• 它们其实都是“图”-- 最小生成树


    1、POJ 3169

    题意:

    n头牛编号为1到n,按照编号的顺序排成一列,每两头牛的之间的距离 >= 0。这些牛的距离存在着一些约束关系:1.有ml组(u, v, w)的约束关系,表示牛[u]和牛[v]之间的距离必须 <= w。2.有md组(u, v, w)的约束关系,表示牛[u]和牛[v]之间的距离必须 >= w。问如果这n头无法排成队伍,则输出-1,如果牛[1]和牛[n]的距离可以无限远,则输出-2,否则则输出牛[1]和牛[n]之间的最大距离。

    分析:

    记第i号牛的位置是d[i]。首先,牛是按照编号顺序排列的,所以有d[i]<=d[i+1]成立。其次,对于每对关系好的牛之间的最大距离限制,都有d[AL]+DL >=d[BL]成立。同样,对于每对关系不好的牛,都有d[AD]+DD<=d[BD]成立。
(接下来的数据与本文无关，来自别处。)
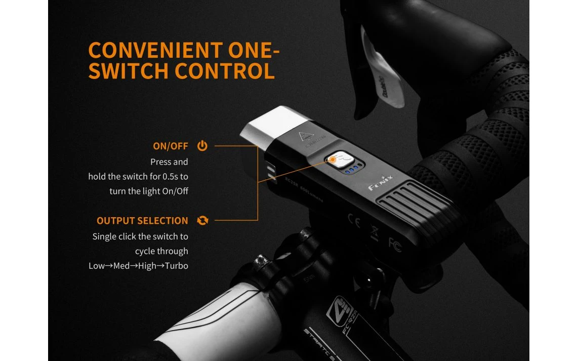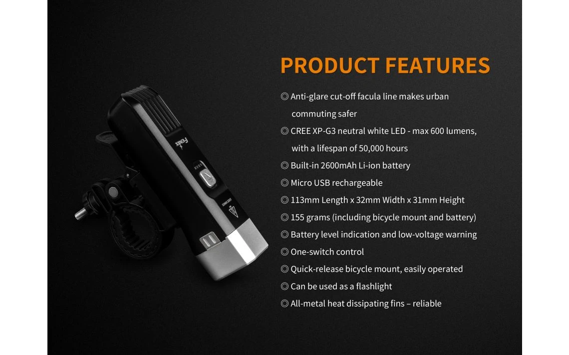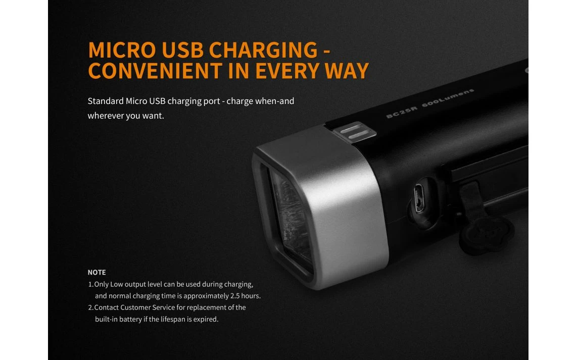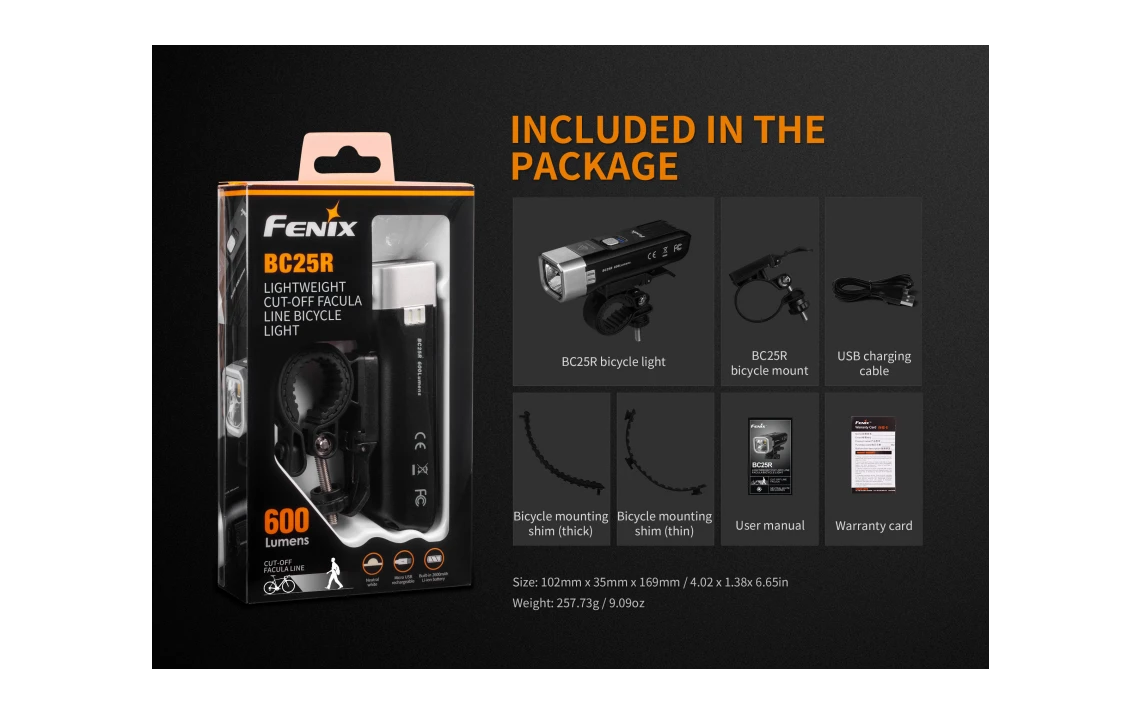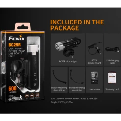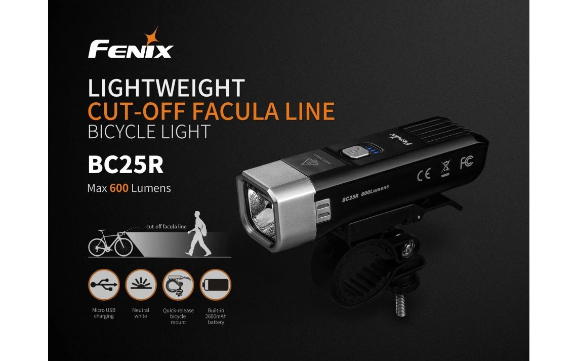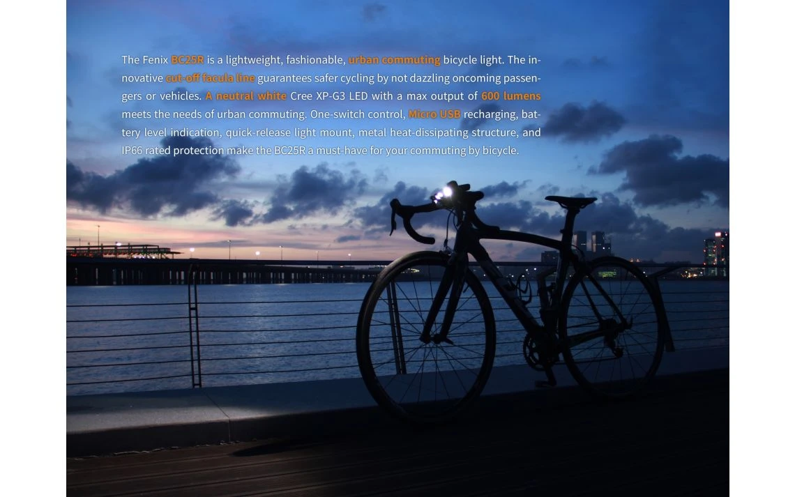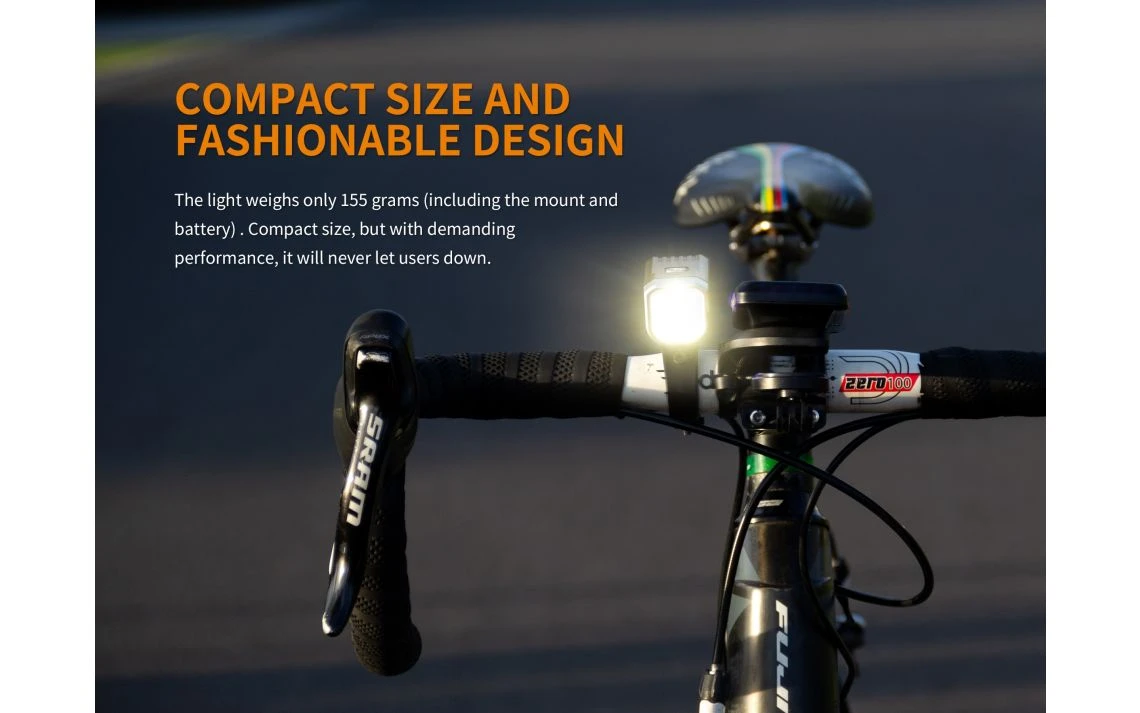155g, 600 lumens: The Fenix BC25R is the latest in Fenix’s line of high performance, compact bike lights. Outfitted with a neutral white CREE XP-G3 LED, the BC25R can reach up to 600 Lumens with adjustable light levels and a utility flashing mode. Fenix BC25R comes with an integrated Li-ion battery pack and is Micro-USB rechargeable. Lightweight bicycle light!

因此,原问题可以转化为在满足这三类不等式的情况下,求解d的d[N] -d[1]的最大值问题。这是线性规划问题,可以使用单源最短路径算法求解。

    这些不等式的特点是所有的式子的两边都只出现了1个变量。实际上,图上的最短路问题也可以用这样的形式表示出来。记从起点s出发,到各个顶点v的最短距离为d(v)。因此,对于每条权值为w的边e=(v,u),都有d(v)+w >=d(u)成立。反之,在满足全部这些约束不等式的d中,d(v)-d(s)的最大值就是从s到v的最短距离。需要注意这里不是最小值,而是最大值对应着最短距离。
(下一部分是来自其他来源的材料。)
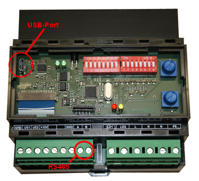 2. über die Klemmen A und B des Dimmers, per RS-485 z.B. mit einem USB-to-Serial RS-485-Adapter.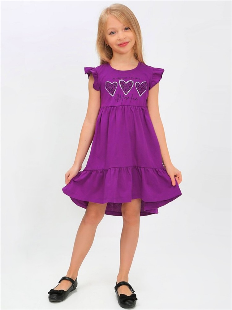 Красивое платье для девочки, сшитое из 100% хлопка - кулирки. Спинка модели удлинённая, рукава-крылышки. Модель украшают симпатичный принт с глиттером на полочке и широкий волан по низу изделия.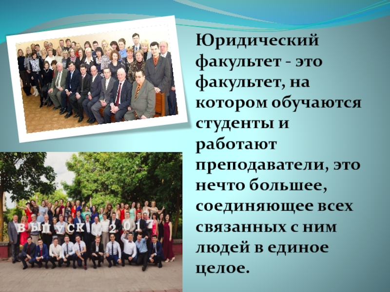 Юридический факультет - это факультет, на котором обучаются студенты и работают преподаватели, это нечто большее, соединяющее всех

    把原来的问题和最短路问题进行比较就可以发现,两个问题都是完全一样的形式。也就是说,可以通过把原来的问题的每一个约束不等式对应成图中的一条边来构图,然后通过解决最短路问题来解决原问题。首先把顶点编号为1~N,d[i]<=d[i+1]变形为d[i+1]+0>=d[i],因此从顶点i+1向顶点i连一条权值为0的边。同样d[AL]+DL>=d[BL]对应从顶点BL连一条权值为DL的边,d[AD]+DD<=d[BD]对应从顶点BD向顶点AD连一条权值为-DD的边。所求的问题是d[N]-d[1]的最大值,对应为顶点1到顶点N的最短距离。由于图中存在负权边,因此不使用Dijkstra算法而是使用Bellman-Ford算法求解。即使这样复杂度也只有O(N(N+ML+MD))。

    用求最短路和最长路解差分约束问题

    1)建图后求最短路(对应 <= 的差分约束)

    从求最短路后分析开始。求最短路后一定有:d(u) + w(u,v) >= d(v) 转换为:d(v) – d(u) <= w(u,v)。然后这个式子与我们差分约束条件得到的不等式( X(a) - X(b) <= c )相似。

    所以得到建图的规则为:一条b到a的边权值为c。

    建图后求最短路即为一组解。

    2)建图后求最长路(对应 >= 的差分约束)

    同上。求最长路后一定得到:d(u) + w(u,v) <= d(v) 转换为:d(v)-d(u)>=w(u,v)。然后对比差分约束条件的不等式( X(a) - X(b) >= c )。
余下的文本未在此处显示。